When Durham Mayor Bill Bell gave his first State of the City address in 2001, the venue—Bay 7 at American Tobacco—was still under construction. Plastic sheets hung over unfinished walls, and heaters were brought in to keep guests warm.
Bell returned to the same spot Tuesday for his final State of the City address. This time, however, it was clad with exposed brick and strands of glowing lights. The setting was a fitting backdrop for Bell’s message: Durham has come a long way since 2001, but there’s always more work to do.
During the lunch, Bell was interviewed by WRAL anchor Gerald Owens about affordable housing, poverty, gentrification, crime, and his plans for the remaining eight months of his eighth and final term at Durham’s helm. While speakers did take a look ahead at Durham’s future, much of the afternoon had a nostalgic tone.
Bell’s more than forty years of service were acknowledged Tuesday with the first-ever William V. Bell award from
, established this year to annually recognize civil service.
Bell, who recently turned seventy-six, said he hasn’t yet thought about what he’ll do with his newfound free time after his term ends. “I have a job,” he said. (He is the chief operating officer of UDI Community Development Corp.)
In a video tribute shown during the lunch, colleagues described him as a calm, quiet, and decisive leader.
In the video, city manager Thomas Bonfield said people often ask him why Bell is so quiet. “It’s because he’s really listening.”

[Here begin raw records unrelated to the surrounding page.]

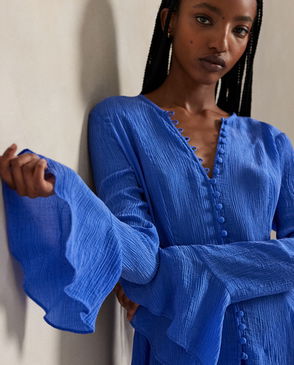 Naiomi Glasses is a seventh-generation Diné (Navajo) textile artist and designer whose work reflects the beauty of her Indigenous culture. Through the first drop in this collection, Naiomi draws inspiration from her family, homelands and community on Dinétah (Navajo Nation). Rendered in hues inspired by the traditional dock root dying process used in early weavings, this modern version of the Navajo velvet blouse features a blouson-sleeve silhouette and is detailed with silver concho buttons.
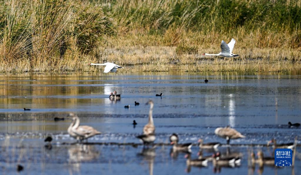 烏梁素海,意為“紅柳湖”,位于黃河“幾字彎”頂部,是黃河流域最大的湖泊濕地。近年來(lái),隨著(zhù)烏梁素海生態(tài)治理力度不斷加大,生態(tài)成果也不斷顯現。各類(lèi)候鳥(niǎo)在這里安了家,本來(lái)前往西伯利亞的疣鼻天鵝也在烏梁素海產(chǎn)卵孵化生活,烏梁素海成為我國最大的疣鼻天鵝繁殖基地。近日,在烏梁素海湖面上,成年疣鼻天鵝帶領(lǐng)幼鳥(niǎo)練習飛翔,準備為過(guò)冬前的長(cháng)途遷徙做準備。
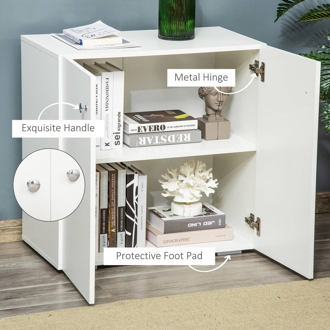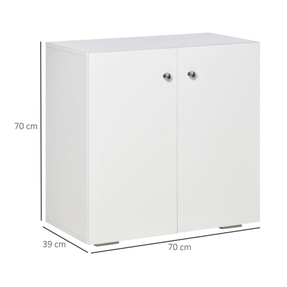 Keep your home organised with this stylish freestanding cabinet from HOMCOM. It can be used in any room, the two shelves will help it stay tidy and clutter-free. Use the spacious table top for displaying your favourite pieces, giving it a lovely decorative touch. Its all-white design can match any décor, whilst the particle board makes it easy to clean maintaining its fresh appearance. A modern cabinet that's useful and fashionable; a great addition to your home.
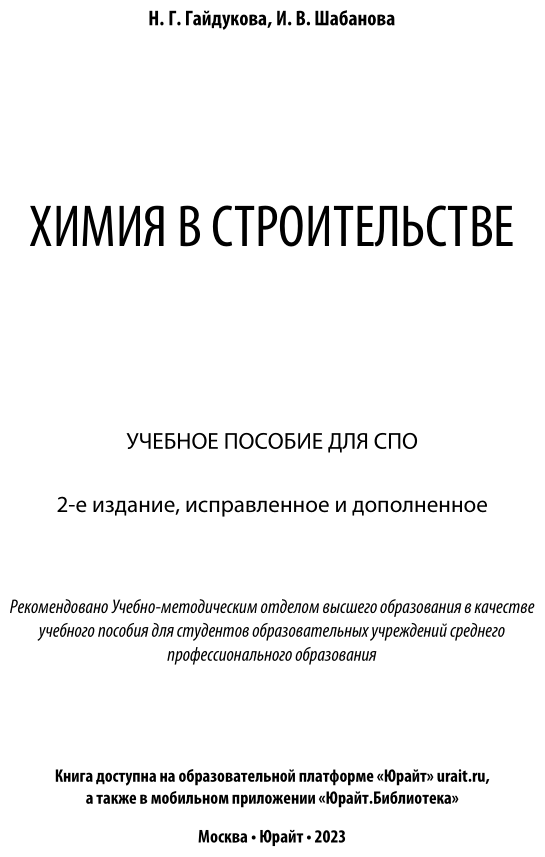 Химия в строительстве 2-е изд. испр. и доп. Учебное пособие для СПО (Гайдукова Нина Георгиевна; Шабанова Ирина Вячеславовна); ЮРАЙТ, 2019
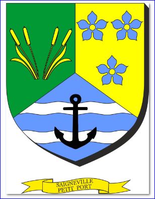 (2021) Tiercé en pairle renversé: au 1er de sinople à quatre roseaux à massettes d'or, au 2e d'or à trois quintefeuilles d'azur, au 3e d'azur à deux fasces ondées d'argent et à l'ancre de sable brochant sur les fasces.
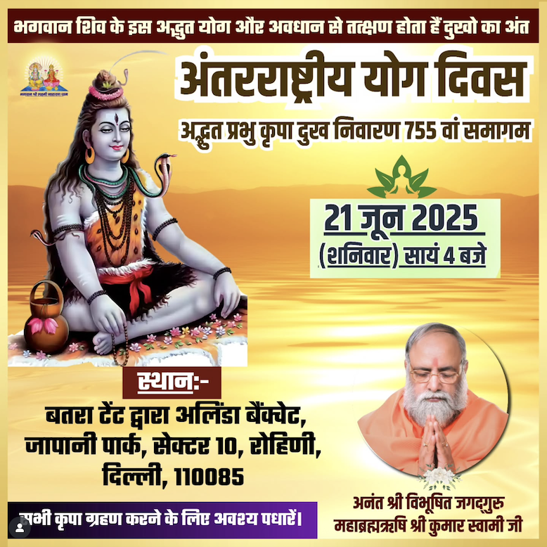 Prabhu Kripa Dukh Nivaran Samagam, where with the recitation of Maa Durga’s mantras, all sorrows come to an end. These mantras are provided by His Holiness Mahabrahmrishi Shree Kumar Swami Ji, whose selfless service has been recognized by everyone from the British parliament to American State Senates.
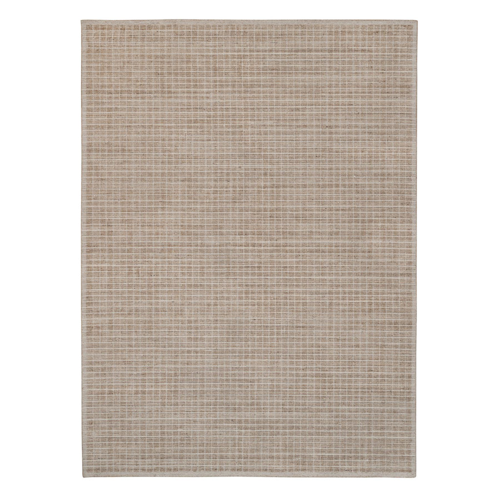 10'2"x14' Sand Brown, Modern Plain Decor Box Design, Soft To Touch, Loomed Knotted, 100% Wool, Oriental Rug FWR550188
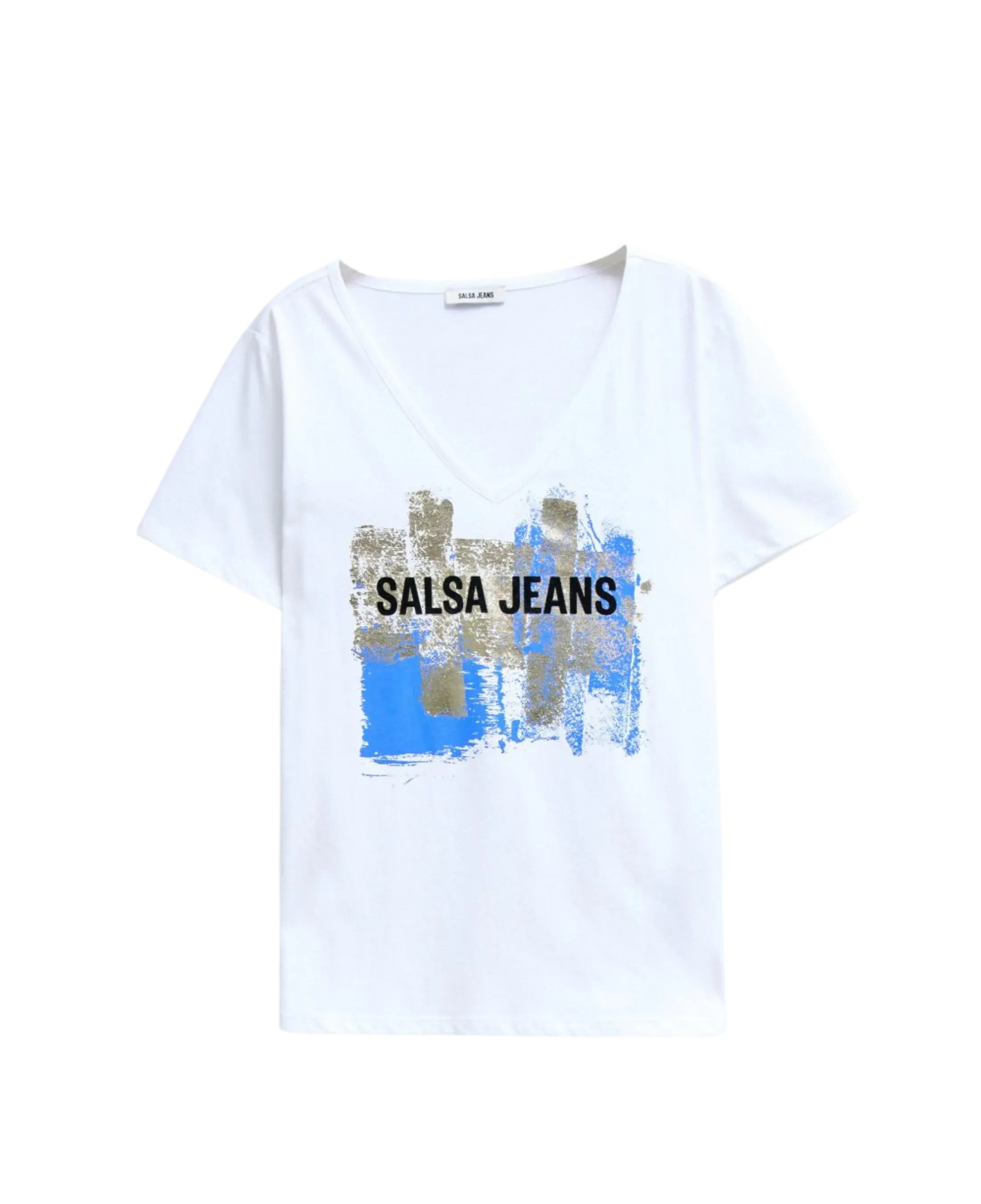 SALSA JEANS T-Shirt mit hellen Perlenpailletten
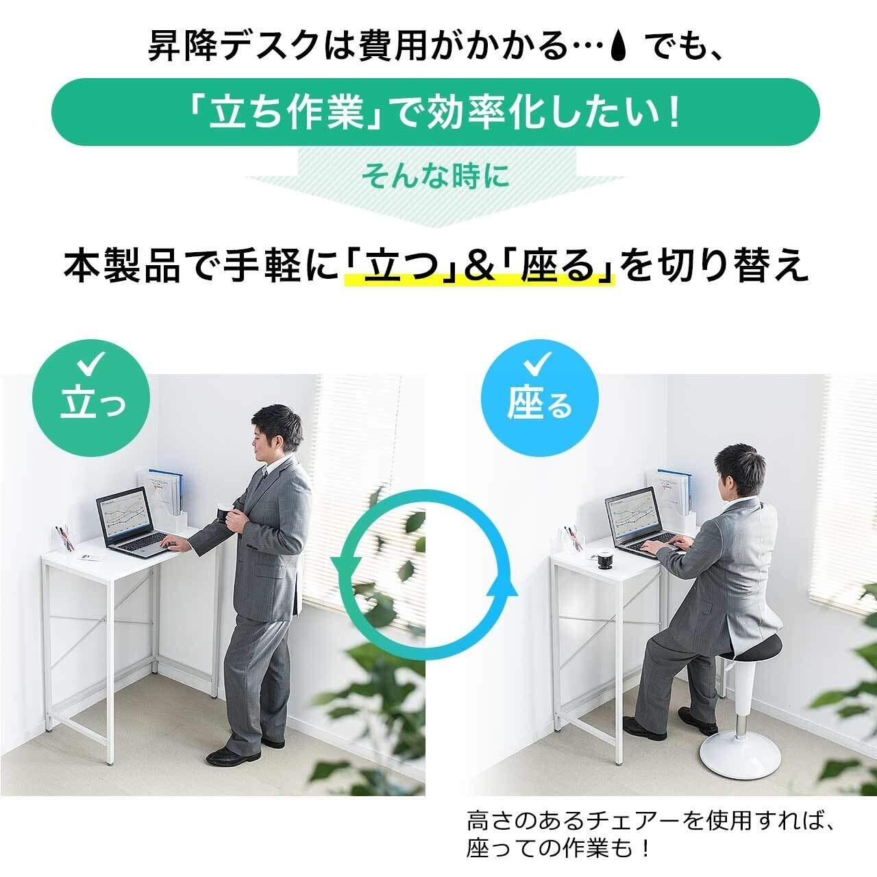 高さ100cmのスタンディングデスクです。立って作業することで“座りすぎ”を防止。「集中力アップ」「腰・肩への負担軽減」「カロリー消費アップ」などのメリットがあります。
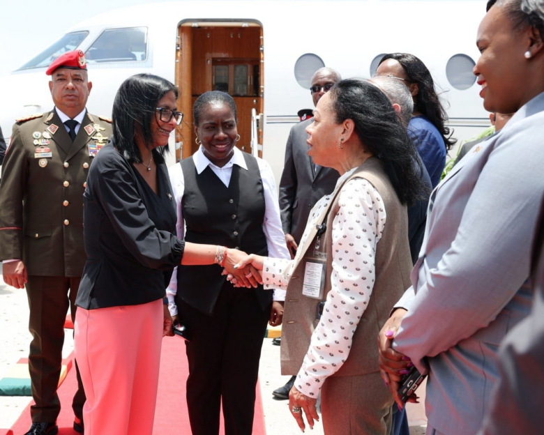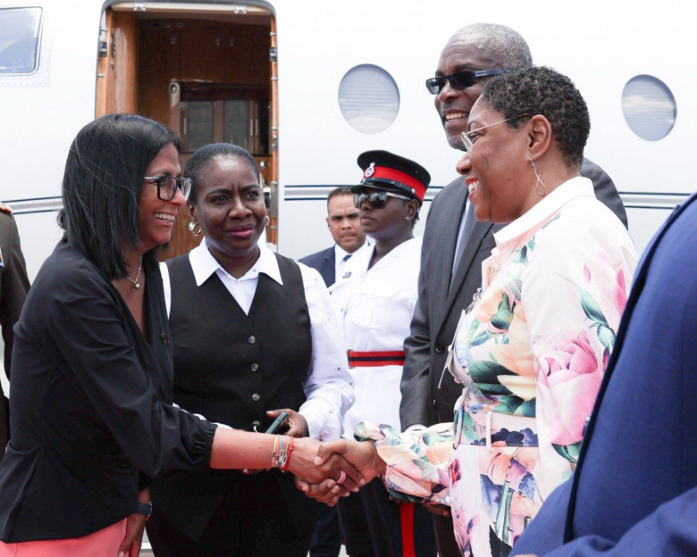Rodríguez fue recibida a su llegada al aeropuerto por el primer ministro de Granada, Dickon Mitchell, cuya oficina calificó la visita de «un importante momento de compromiso y diálogo entre Granada y la República Bolivariana de Venezuela».
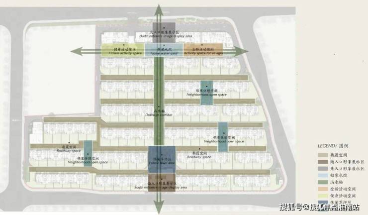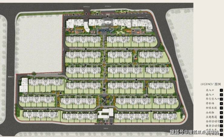 在园区规划和品质提升方面,注重高端社区的隐奢感和礼仪感,营造大宅的空间序列格局。空间轴线是建筑层次构建与韵律感的重要组成部分,本案在局促的场地条件下,通过合理高效的内部功能组织,采用多种虚实体块穿插和组合的方式,塑造贯穿南北的一条180余米主轴线。
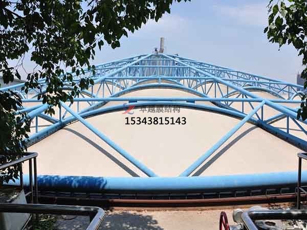 2、我公司利用膜結構的輕巧,別致的造型建造各種半封閉,全封閉的不行空間;污水池反吊膜結構中的高強度柔韌薄膜稱膜材,它是一種耐腐蝕、耐高溫、耐久用、高強度的樹脂類涂層織物,由多種復合PVC樹脂涂層刀刮成型,具有質地柔韌、厚度小、重量輕、透光性好的特點。對自然光吸收和透射能力、阻燃,具有良好的耐久、防火、氣密等特性;表面經(jīng)過特氟龍?zhí)幚砘蚨趸伩估匣幚?,具有較高的自清潔性能。下面就大家介紹一下我公司在泰安市地區(qū)完成的部分污水池膜結構封閉項目。
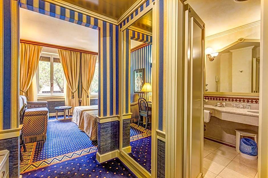 Soundproofed room with satellite TV, air conditioning and a marble private bathroom with a telephone and radio.
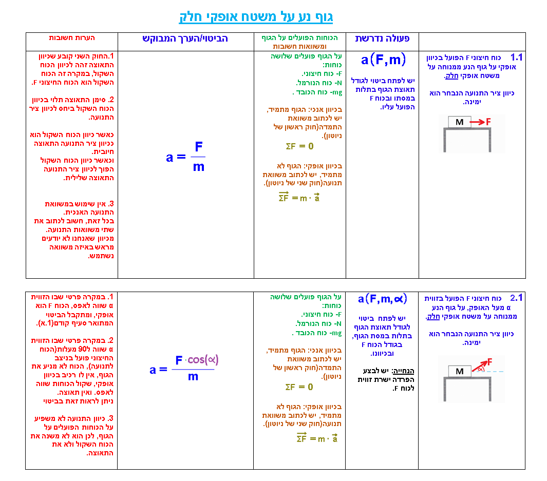1. גוף נע על משטח אופקי חלק:
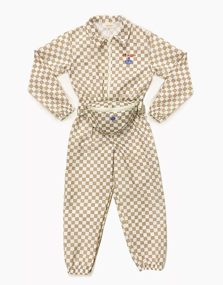 Minikane X Delage – Sac banane Enfant damier beige et blanc
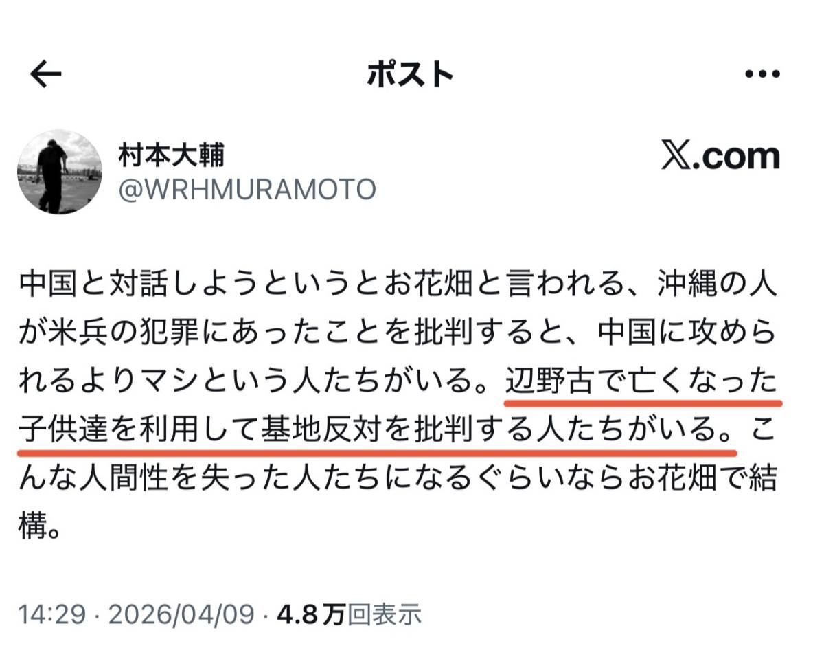 子どもたちを利用して死なせたのが基地反対連中な
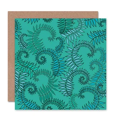 Wee BLUE Coo FERN GREEN ILLUSTRATION PATTERN PLANT BLANK GREETINGS BIRTHDAY CARD
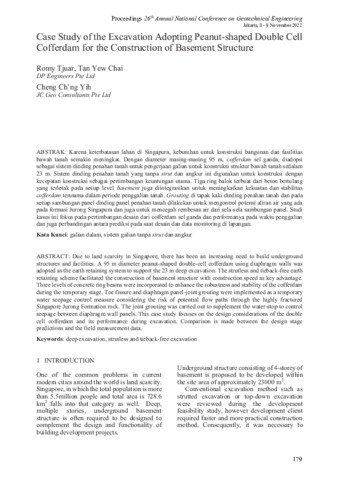 Romy, Tjuar and Tan, Yew Chai and Cheng, Ch’ng Yih (2022) Case study of the excavation adopting peanut-shaped double cell cofferdam for the construction of basement structure. In: Proceeding 26th Annual National Conference on Geotechnical Engineering, 8-9 November 2022, Jakarta.
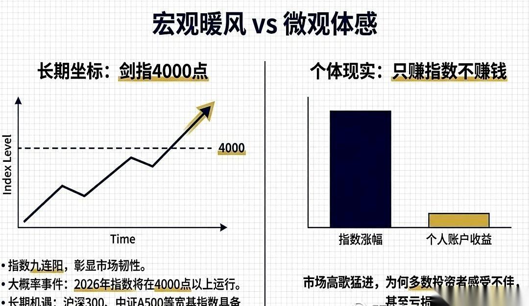 今年最魔幻的一件事儿: 看着大盘红彤彤的,打开自己账户,绿得能养鱼。 你说这叫什么事儿。 一打听,嗨,原来是那几只“天选之股”在硬扛,凭一己之力拉高了整个班的平均分。 问题是,全班就那么几个学霸啊。 剩下我们这些“气氛组”呢?陪跑的呢?连卷子都没看清,考试就结束了。 而且,你光买对还不行。 你得是在人家还没睡醒的时候,就悄悄潜伏进去了。等我们这些后知后觉的冲进去,那不叫投资,那叫山顶站岗,给人家抬轿子。 所以啊,别再跟我聊什么指数了,也别分析什么宏观大势了。 那些都是星辰大海,太遥远。 我就想知道,为啥我兜里的钢镚儿,越来越少了? 这体感,比冬天忘穿秋裤还难受。 扎心不?

On the flip side, colleagues also described Bell’s zeal for public service, saying he will attend four or five events on a given night. “We always say that we know Mayor Bell is not going to be on time, but we know he’s going to be there,” Bonfield said.
Bell said poverty and crime are the key issues he hopes to tackle while still in office. He said one of his first moves as mayor was to arrange monthly briefings between the city council and the Durham Police Department. Tuesday, he cited an effort to assign police officers based on the results of recent public safety survey of Durham residents.
The Duke lacrosse scandal was the “worst thing” Bell went through as mayor, said Duke University president Richard Brodhead. The 2006 case, in which three lacrosse team members were falsely accused of rape, brought immense and not altogether flattering media attention to the city.
Many of the successes highlighted Tuesday dealt with affordable housing—like the Barnes Avenue and Southside developments. Asked how the city is addressing gentrification, Bell said stopping gentrification isn’t in the city’s scope. What it can do is address poverty, as Bell said he’s sought to do block by block through his Poverty Reduction Initiative, which he rolled out early in his tenure.
“The mayor’s poverty initiative was incredible,” said council member Cora Cole-McFadden. “It showed that there was a leader who actually felt it necessary to change this whole trajectory of poverty one neighborhood at a time.” (In 2000, about 15 percent of Durham residents lived in poverty, compared with about 19 percent today. Durham’s population has also grown by nearly sixty thousand people in that time).
Bell touted the importance of light rail to the Triangle’s continued growth and said “if successful,” light rail will bring jobs to Durham by connecting the Triangle’s universities and economic hubs.
“We’re not building it for today,” he said, “We’re building it for ten, fifteen, twenty years from now.”
Bell will be remembered in Durham for “investing in the next generation” and creating a supportive atmosphere for businesses, said John Roos, marketing and communications officer for Blue Cross and Blue Shield of North Carolina. Roos on Tuesday announced that his company would be donating $25,000 to the Greater Durham Boys & Girls Club in Bell’s name for summer camp scholarships.
The aptly surnamed Geoff Durham, president of the Greater Durham Area Chamber of Commerce, credited officials, including Bell, for laying the groundwork for the city’s current growth.
The city has “made its place” through adaptive reuse of old buildings like American Tobacco, Durham said. The next phase will be “skyline-changing” new construction needed to accommodate businesses that want to locate downtown. About 97 percent of downtown Durham office space is currently occupied. Durham said 10 percent vacancy is ideal for competitive growth.
“I think we should all challenge one another on how to pay an appropriate amount of respect and appreciation to the foundation that’s been created by Mayor Bell,” Durham said, “and I hope we have the opportunity to make you proud by building on that legacy.”
In 2016, the city saw more than $875 million in private investment and 4,250 new jobs, Durham said—numbers that would have been “staggering” when Bell took office. “We need to step away from comparing ourselves to the Durham of the nineties and start looking at ourselves like the world-class city that we are,” Durham said.